Touted by proponents as a way to promote health care choice, it nonetheless raises questions about how the out-of-network price would be calculated, what information would be publicly disclosed about how much insurers actually pay different hospitals, doctors or clinics for care and whether patients can find charges lower than in-network negotiated rates.
“Mathematically, that just doesn’t work” because out-of-network charges are likely to be far higher than negotiated in-network rates, said Joe Letnaunchyn, president and CEO of the West Virginia Hospital Association.
Not necessarily, counters the bill’s sponsor, Del. Eric Householder, who said he introduced the measure after speaking with the Foundation for Government Accountability. The Republican from the Martinsburg area said “the biggest thing lacking right now is health care choice because we’re limited to our in-network providers.”
Shopping for health care faces other challenges. For one thing, much of medical care is not “shoppable,” meaning it falls in the category of emergency services. But things such as blood tests, imaging exams, cancer screening tests and some drugs that are administered in doctor’s offices are fair game.
Less than half of the more than $500 billion spent on health care by people with job-based insurance falls into this category, according to a 2016 study by the Health Care Cost Institute, a nonprofit organization that analyzes payment data from four large national insurers. The report also noted there must be variation in price between providers in a region for these programs to make sense.

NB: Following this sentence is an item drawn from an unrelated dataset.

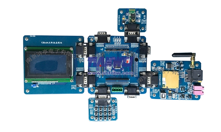 用于通信技術實訓課程。根據實用課題內容,讓學生自己了解通信過程,自己調試,最終完成一個具有實際功能且具有實用價值的產品模型。如:搭建基于GSM模塊、鍵盤模塊和LCD模塊實現(xiàn)一個簡單的實用手機系統(tǒng)。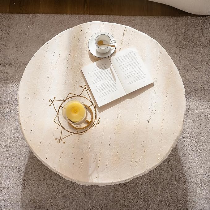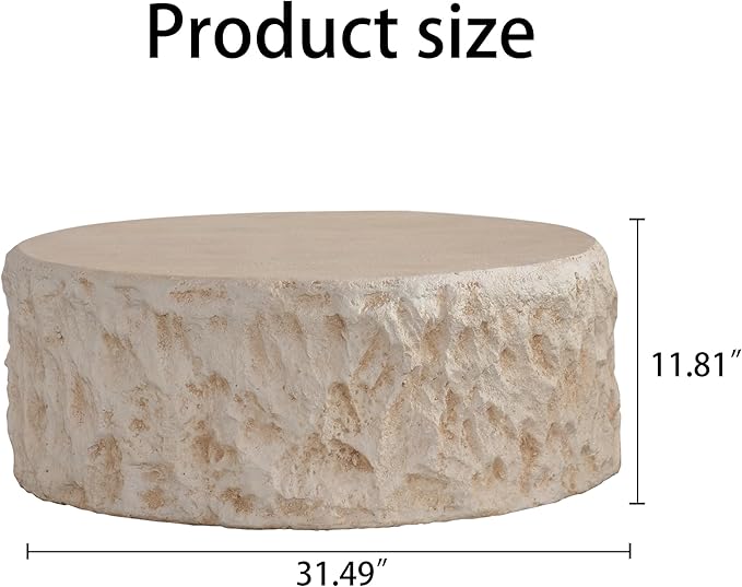 - 【UNIQUE DESIGN】Crafted from premium MgO material, this striking coffee table features a sleek, organic round shape. The edges of the coffee table are polished to ensure a stylish and solid piece of furniture, eliminating the safety hazards associated with sharp corners.

Increasingly, though, evidence is mounting that large price differences for medical care exist — even among rates negotiated by the same insurer.
“The price differences are so substantial it’s actually scary,” said Heyward Donigan, CEO of Vitals.
At the request of Kaiser Health News, Healthcare Bluebook ran some sample numbers for a Northern Virginia ZIP code, finding the cost of a colonoscopy ranged from $670 to $6,240, while a knee arthroscopy ranged from $1,959 to $20,241.
Another challenge is the belief by some consumers that higher prices mean higher quality, which studies don’t bear out.
Even with incentives, the programs face what may be their biggest challenge: simply getting people to use a shopping tool.
Kentucky state spokeswoman Jenny Goins said only 52 percent of eligible employees looked at the shopping site last year — and, of those, slightly more than half chose a less expensive option.
“That’s not as high as we would like,” she said.
Still, state workers in Kentucky have pocketed more than $1.6 million in incentives — and the state said it has saved $11 million — since the program began in mid-2013.
Deductibles, the annual amounts consumers must pay before their insurance kicks in and are usually $1,000 or more, are more effective than smaller shopping incentives, say some policy experts.
In New Hampshire, it took a combination of the two.
The state rolled out the payments for shopping around — and a website to look for best prices — in 2010. But participation didn’t really start to take off until 2014, when state employees began facing an annual deductible, said Deputy Commissioner Keane.
Still, the biggest question is whether these programs ultimately cause providers to lower prices.
Anecdotally, administrators think so.
Kentucky officials report they already are witnessing a market response because providers want patients to have an incentive to choose them.
“We do know providers are calling and asking, ‘How do I get my name on that list’ [of cost-effective providers]?” said Kentucky spokeswoman Goins. “The only way they can do that is to negotiate.”